DeFord Lecture Series
DeFord Lecture Series Speaker Schedule
The DeFord (Technical Sessions) lecture series has been a requirement and a tradition for all graduate students since the late 1940s. Once the official venue for disseminating Department of Earth and Planetary Sciences graduate student research, the DeFord Lecture series is now the forum for lectures by distinguished visitors and members of our community.
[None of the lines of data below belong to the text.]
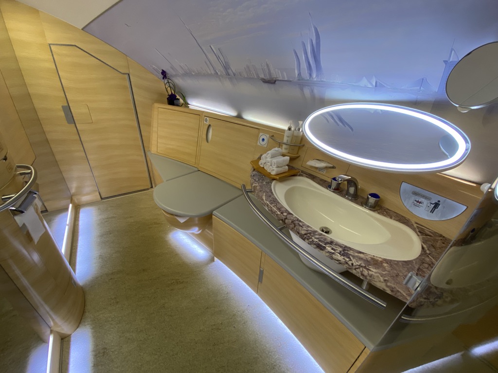 Am A380 gefallen uns besonders die verbauten „Shower-Spas“ – also Badezimmer inklusive Dusche. Hier haben wir noch vor dem Start die erste Veränderung nach den strengen Corona-Restriktionen entdeckt, denn es waren wieder Handtücher in Form einer Pyramide ausgelegt.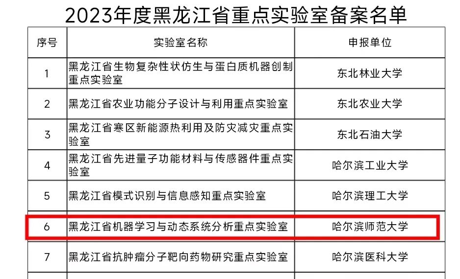 (解瑞峰/文)近日,黑龙江省科技厅公布2023年度黑龙江省重点实验室备案名单,我校数学科学学院申报的“黑龙江省机器学习与动态系统分析重点实验室”获批省级重点实验室,实现我校科研平台建设新突破。截至目前,我校黑龙江省重点实验室增加至7个。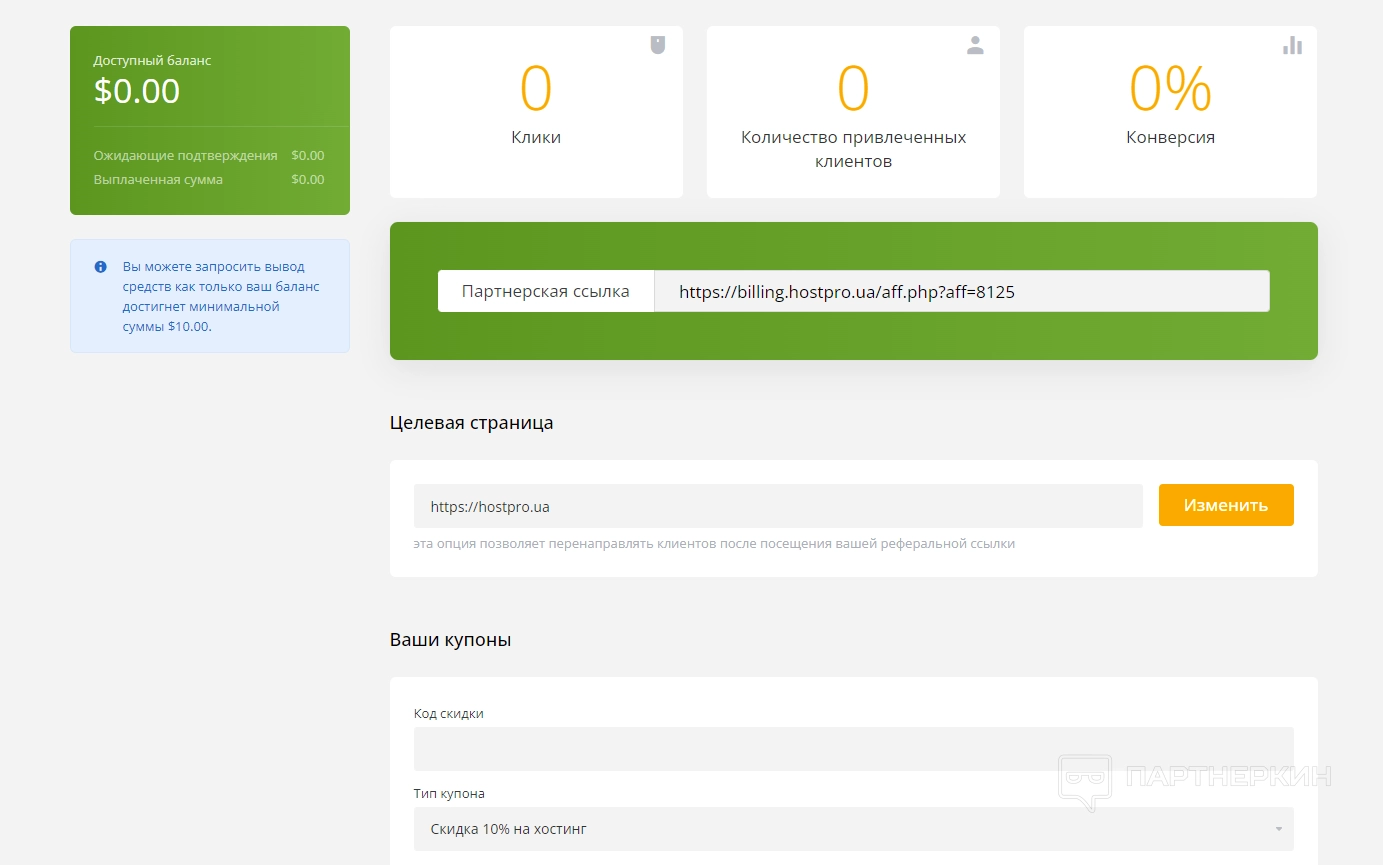 Когда пользователь активирует партнерку, на экране появится специальный раздел, где будут следующие параметры: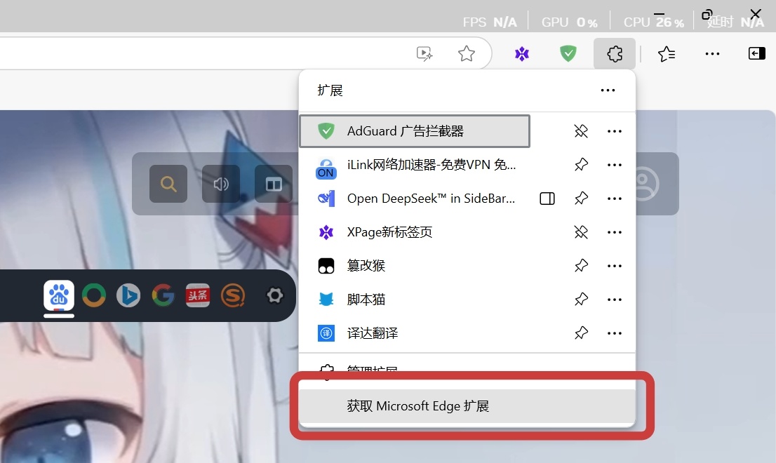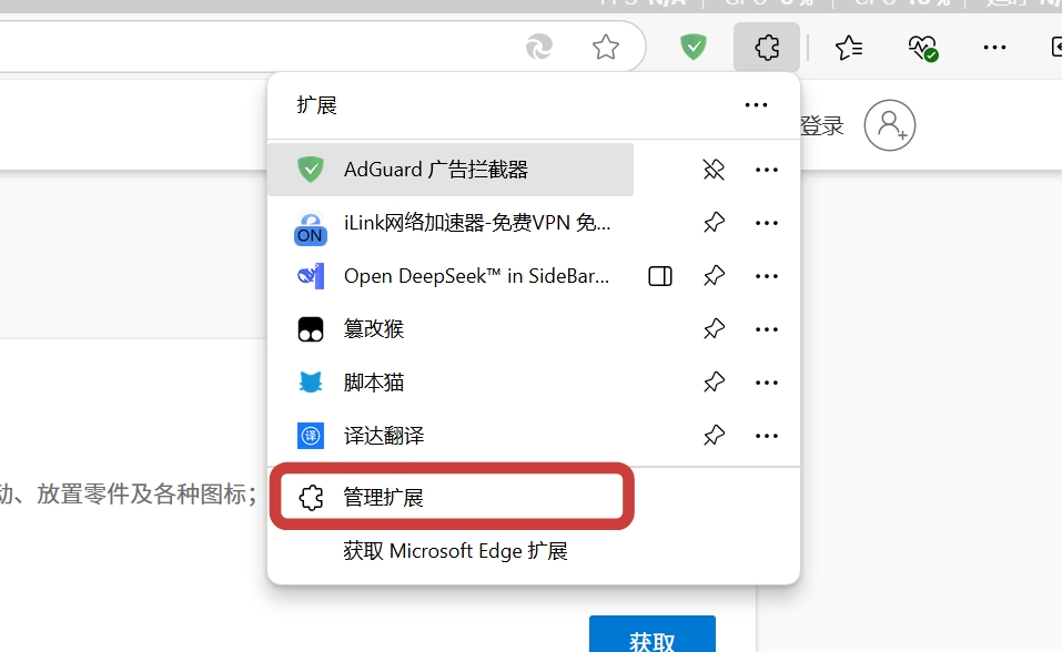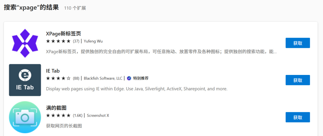 點擊一下,我們點最底下的獲取Microsoft edge擴展

Faculty and researchers from the Jackson School have invited prestigious researchers from around the world to present a lecture in this series. This is made possible only through a series of endowments, such as those funding past Distinguished Lectures.
The list below shows all the scheduled talks this semester. If you would like to meet with any of the speakers, please contact them or their hosts directly.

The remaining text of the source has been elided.